Only the pictures are dropped; the lines of the material that follow are returned exactly.

DATASET CONTENT below:

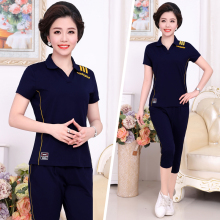 运动套装女两件套休闲妈妈装短袖七分裤运动服跑步套装夏季健身服
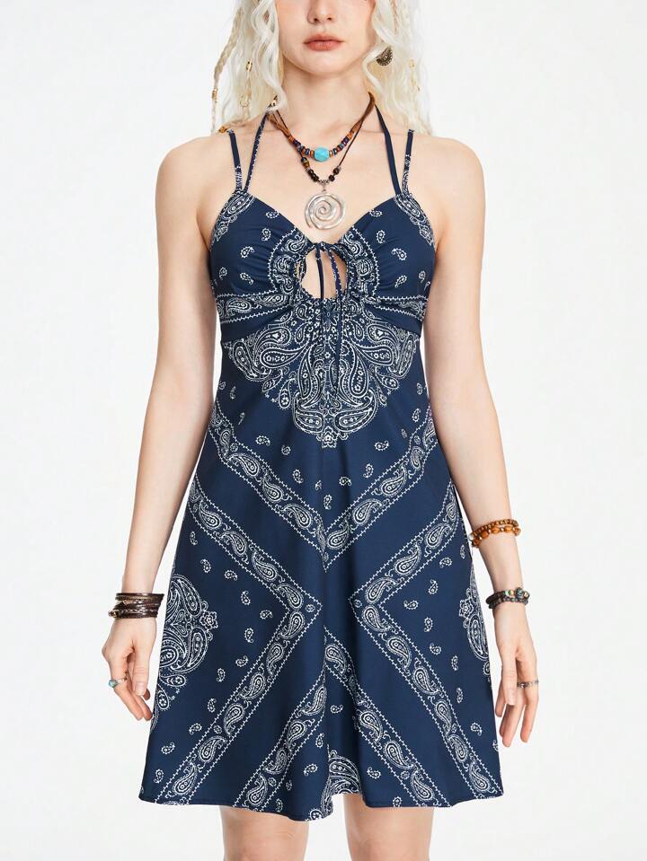 Hippie Vestido de tirantes con estampado paisley y lazo frontal para las vacaciones de verano
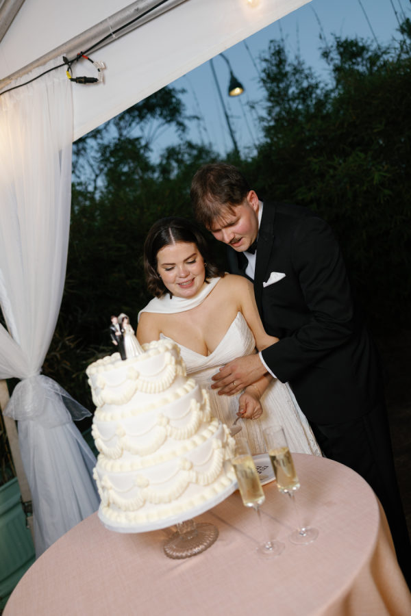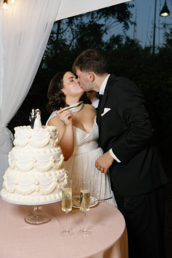 [field title=”Wedding Cake”]The couple opted for a classic tiered wedding cake, keeping things timeless and elegant—with a playful twist. Topping it off was an adorable figurine of the bride and groom, adding a lighthearted, personal touch that perfectly reflected their fun-loving spirit.[/field]

End of DATASET CONTENT.

▸ **TASK ANSWER**:
 运动套装女两件套休闲妈妈装短袖七分裤运动服跑步套装夏季健身服
 Hippie Vestido de tirantes con estampado paisley y lazo frontal para las vacaciones de verano
 [field title=”Wedding Cake”]The couple opted for a classic tiered wedding cake, keeping things timeless and elegant—with a playful twist. Topping it off was an adorable figurine of the bride and groom, adding a lighthearted, personal touch that perfectly reflected their fun-loving spirit.[/field]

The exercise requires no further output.